In today’s blog, I’ll explain why the answer to the above is \(1.5\).
It seems that the above answer is unlikely. For instance, if I set \(x = 1000\) and calculated the above fraction, I get:
$$ \frac{3 \cdot 1000^3 + 5}{2 \cdot 1000^3 \; – \; 1,000,000 \cdot 1000^2} $$ $$ =\frac{600,000,000}{199,600,000,000} $$ $$ = -0.003006012\cdots $$
This is very different from \(1.5\). But appearances are deceiving.
Let’s take a closer look at that fraction.

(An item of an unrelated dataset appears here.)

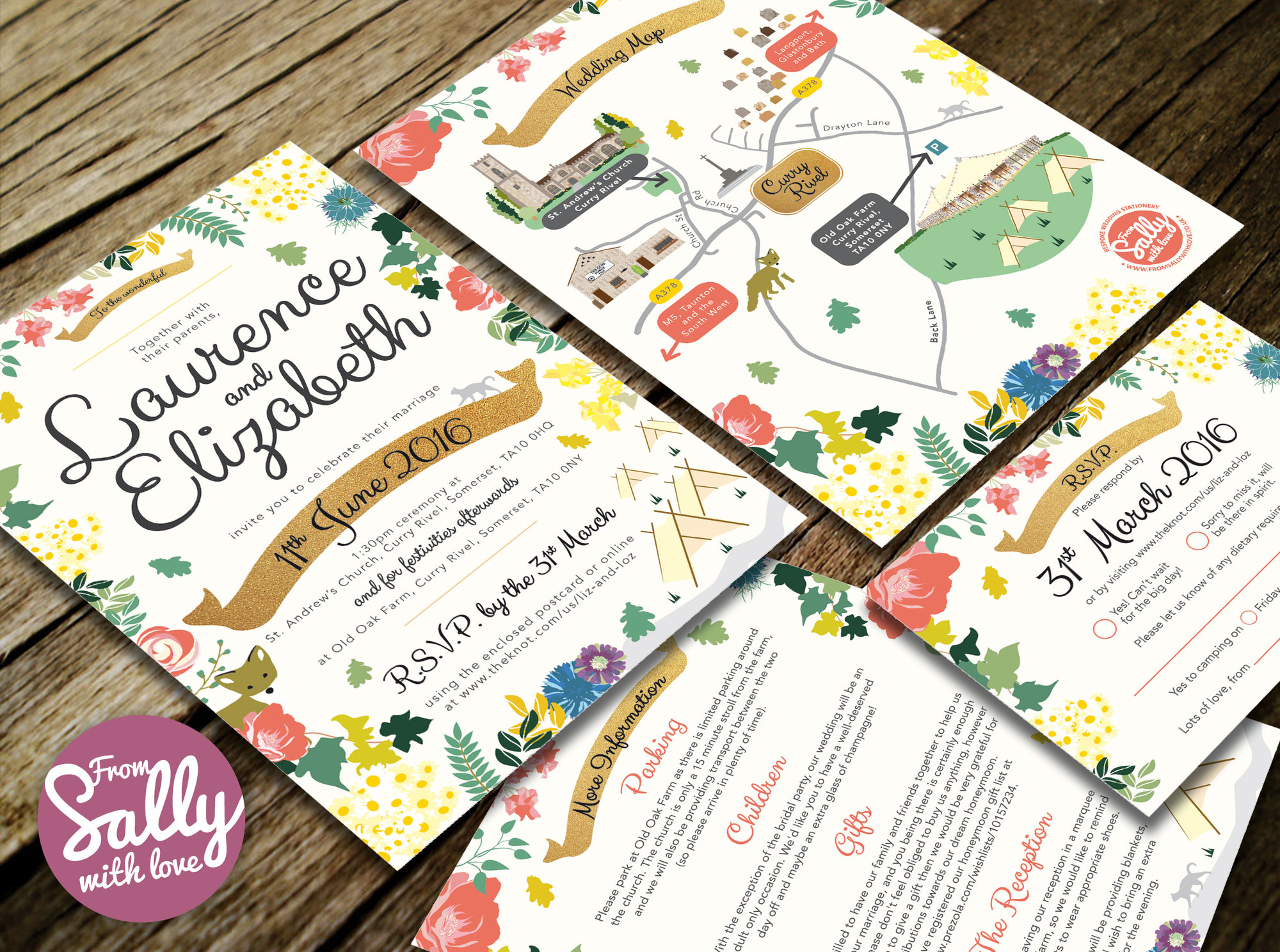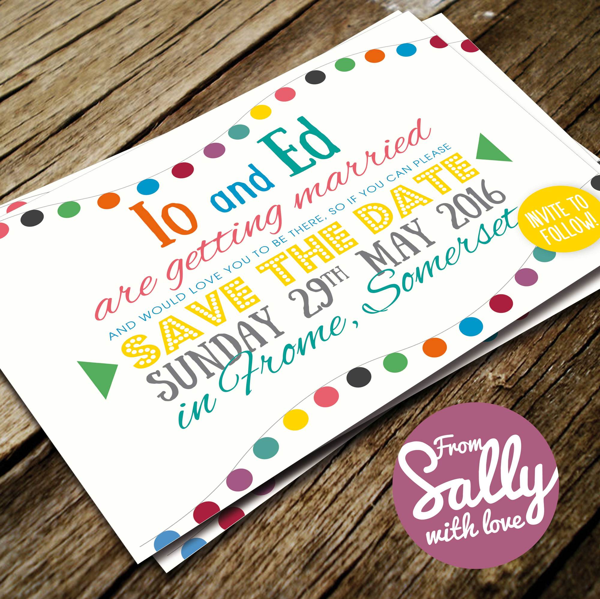 Beautiful and original wedding stationery, lovingly created by me, Sally, a designer based in North Somerset. Offering much more than just invitations, I can design save the dates right through to thank you cards – taking in speech betting cards and printed tea towels in between! All designs are bespoke and capture your colours, your style and your personality perfectly. A special occasion deserves truly special design.

Divide both the numerator and denominator by \( x^3 \):
$$ \frac{3x^3 + 5}{2x^3 \; – \; 1,000,000 \, x^2} $$ $$ = \frac{(3x^3 + 5)/x^3}{(2x^3 \; – \; 1,000,000 \, x^2)/x^3} $$ $$ = \frac{3x^3 /x^3+ 5/x^3}{2x^3/x^3 \; – \; 1,000,000 \, x^2/x^3} $$ $$ = \frac{3 + 5/x^3}{2 \; – \; 1,000,000/x} $$
In summary,
$$ \frac{3x^3 + 5}{2x^3 \; – \; 1,000,000 \, x^2} = \frac{3 + 5/x^3}{2 \; – \; 1,000,000/x} $$
Why is this significant? Look at \( 5/x^3 \) and \(1,000,000/x\). What both of these have in common is that they become smaller and smaller as \( x \) gets larger. In fact, they both approach \( 0 \).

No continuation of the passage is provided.